A composição visual é uma belíssima fusão da identidade de Fabrizio De André com a própria cultura sarda:

A Figura do Cantautor: Do lado direito, vemos Fabrizio De André representado de forma realista, sentado com a sua guitarra acústica ao colo. O seu olhar é sereno e pensativo, captando a sua postura típica de "poeta dos vencidos" e dos marginalizados da sociedade.

A Ligação à Sardenha (Lado Esquerdo): À esquerda do texto, surgem duas figuras típicas da ilha: um homem mais jovem com uma t-shirt onde se lê "NOMADI" (referência tanto ao estilo de vida nómada/pastoril como à famosa banda de rock nómada/de intervenção italiana I Nomadi) e, ao seu lado, um idoso com a boina tradicional sarda (berritta) apoiado num cajado. Representam o povo comum, os pastores e as gentes da Barbagia que acolheram o músico.

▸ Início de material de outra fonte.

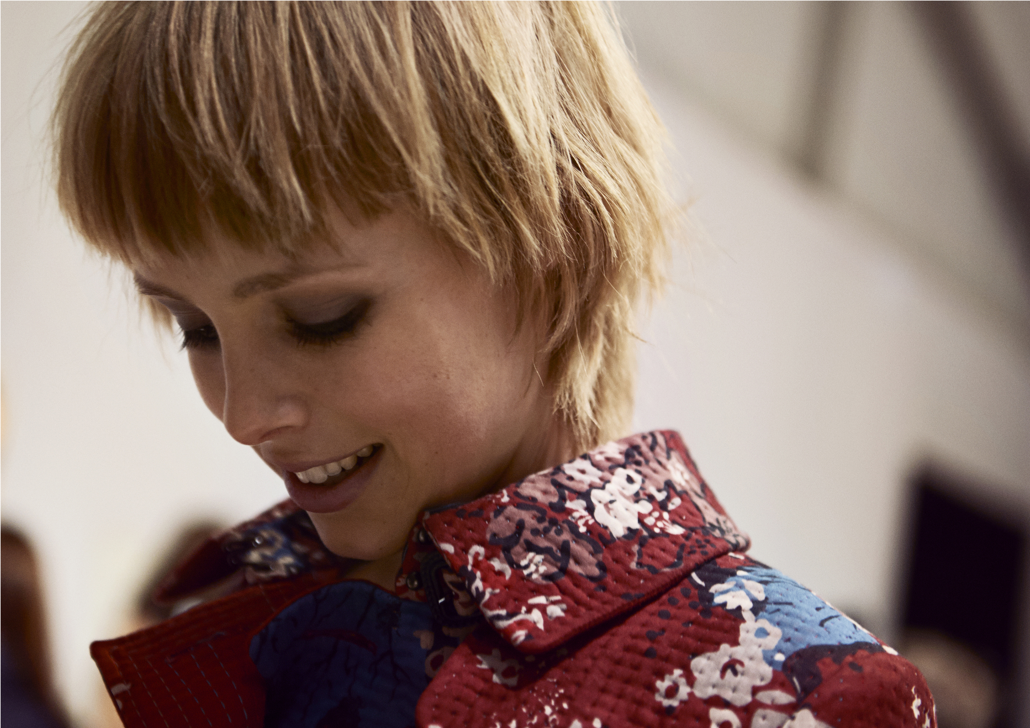 “A paleta de cores escolhida é terrosa e solar de tons esfumaçados, lábios mate e um toque de brilho natural na pele”, explicou a própria marca. É um look romântico, com foco nos olhos e pele iluminada.
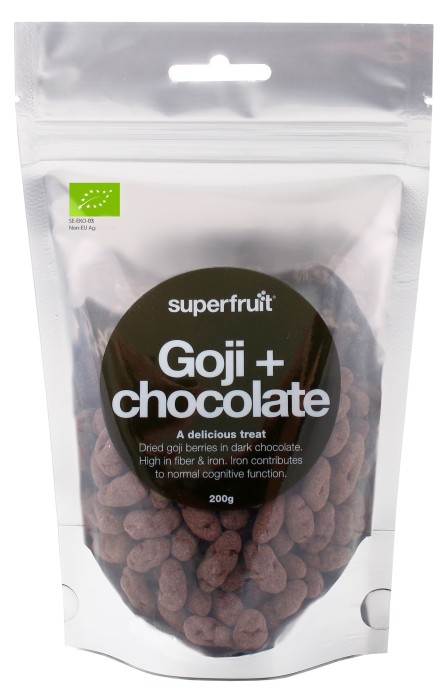 84% Mörk choklad (socker, kakaomassa, kakaosmör, sojalecitin, naturlig vanilj, glukossirap, maltodextrin, shellac), 16% gojibär.
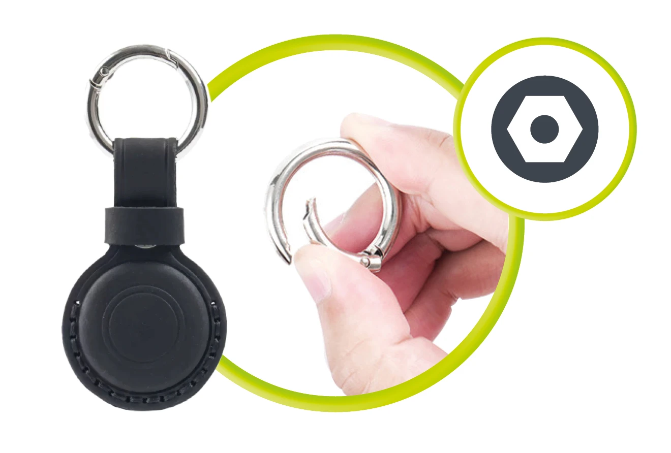 Ocelová karabina umožňuje snadné připnutí na klíče, batoh nebo zavazadlo. Vložení AirTagu do klíčenky je otázkou vteřin. Pevný kovový druk bezpečně uzamkne lokátor uvnitř a díky koženému poutku nehrozí jeho odepnutí ani vypadnutí. Přitom k němu máte v případě potřeby rychlý a snadný přístup.
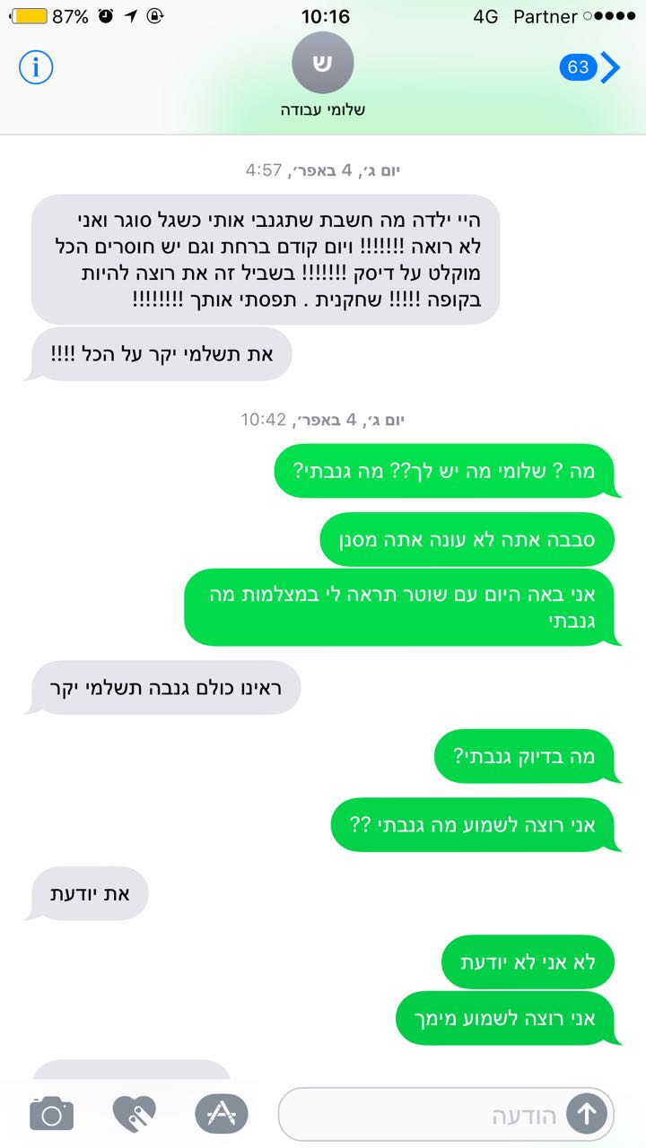 אלא שאז לטענתה המנהל שלומי דרש ממנה לעזוב את החנות "הוא כל הזמן מסתכל במצלמות. שהוא ראה שאני לא הולכת הוא הגיע, בא למשוך אותי מהחולצה ואמרתי לו 'שלא תעז לגעת בי'. אחר כך יצאתי והוא יצא אחרי והתחיל לצעוק עליי שגנבתי".
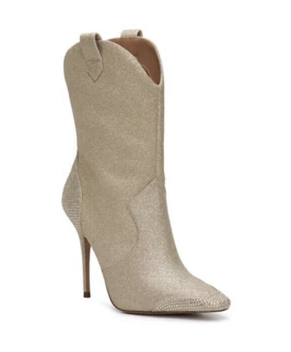 Jessica Simpson Cicee Stiletto Western Boots Champagne Micro Flash Sz 7 Sparkle

A Pintura Surrealista (Ao Centro): Acima do texto, há uma composição mais abstrata e cubista, que mostra uma figura a tocar harmónica e um cenário que funde a natureza rústica da Sardenha com traços de fumo e formas oníricas. Esta secção evoca a própria criatividade poética e a imaginação do músico.

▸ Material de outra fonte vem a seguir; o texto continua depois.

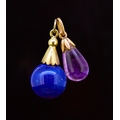 LAPIS LAZULI DROP PENDANT TOGETHER WITH AN AMETHYST DROP PENDANT (2), set with a lapiz lazuli ball of approx. 12.9 mm. L. 2.7 cm. 3.9 grams. AMETHYST DROP PENDANT, set with a pearl shaped amethyst drop. Diam. 8.7 mm. L. 2.1 cm. 1.8 grams.
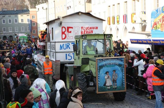 Der Faschingszug der Inntalia zog am gestrigen Sonntagnachmittag viele Schaulustige in die Mühldorfer Altstadt. Im Sonnenschein drängten sie sich in mehreren Reihen und sahen 41 Wagen, Fuß- und Musikgruppen, die vor allem lokale Themen aufnahmen, aber auch die große Politik nicht links liegen ließen.
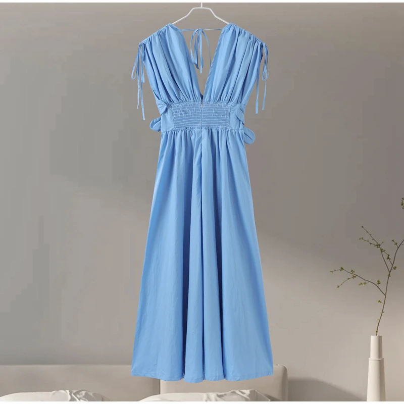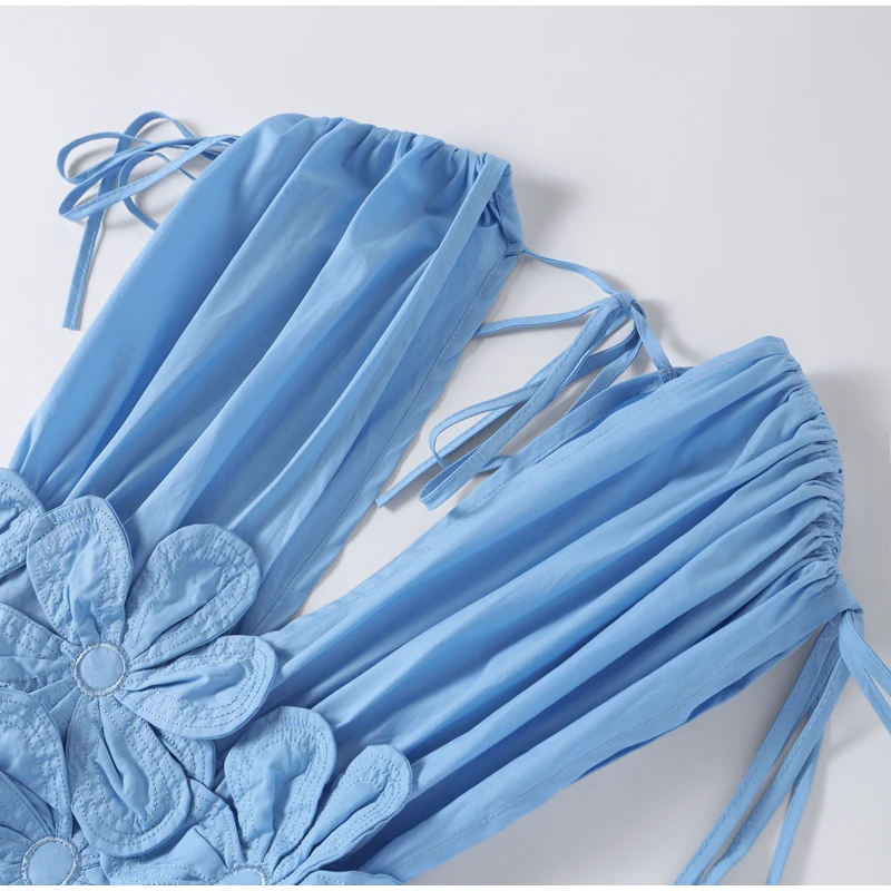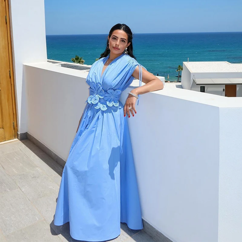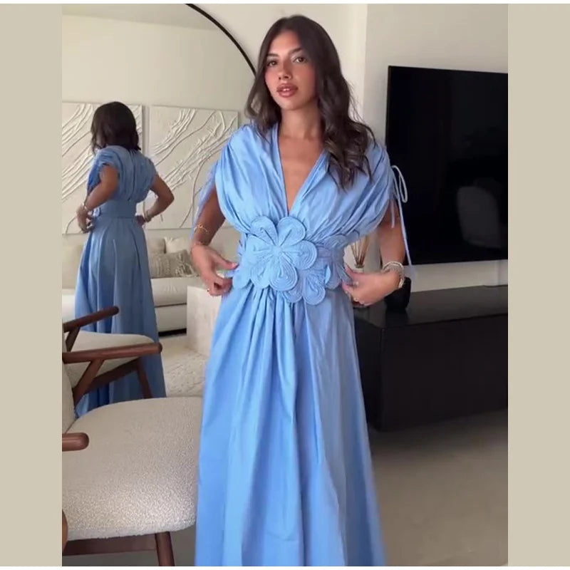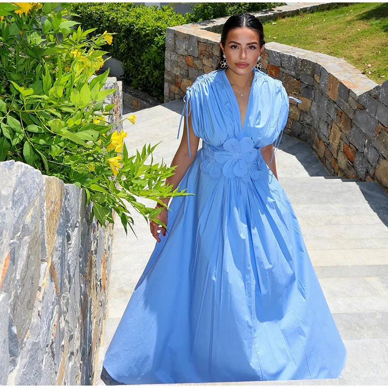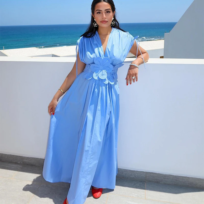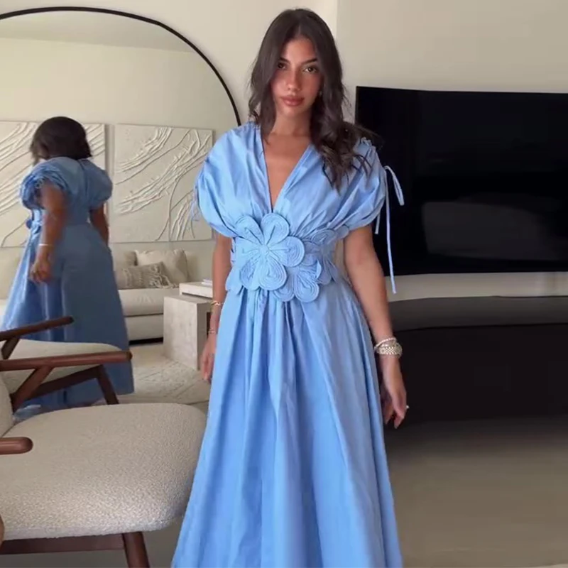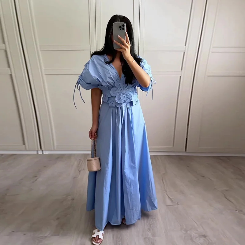 Elegant 3D Flower Solid Pleated Long Dress Women Chic V Neck Short Sleeved Drawstring Lace Up Robes Summer Lady Fashion Dresses

O Contexto de De André na Sardenha:
Este mural carrega um significado emocional gigantesco para a população local. Fabrizio De André apaixonou-se de tal forma pela Sardenha que comprou uma propriedade em Tempio Pausania, onde decidiu viver. Em 1979, ele e a sua esposa, Dori Ghezzi, foram raptados por um grupo de banditismo sardo e mantidos em cativeiro nas montanhas do Supramonte durante quase quatro meses.

Em vez de guardar rancor, após ser libertado, De André declarou que compreendia a miséria profunda dos seus raptores (vítimas de um sistema de abandono económico) e dedicou canções lindíssimas à dignidade do povo sardo. Este mural é a resposta de Orgosolo: uma declaração de amor e respeito eterno a um poeta que soube ler a alma da ilha.» (Google Gemini)



2026 06 03 - Mural em Orgosolo, Sardenha, Itália - Solidariedade com a Palestina 

«Este mural de Orgosolo aborda um tema geopolítico de grande impacto e sofrimento humano: o conflito israelo-palestiniano, focando na destruição e nas vítimas civis.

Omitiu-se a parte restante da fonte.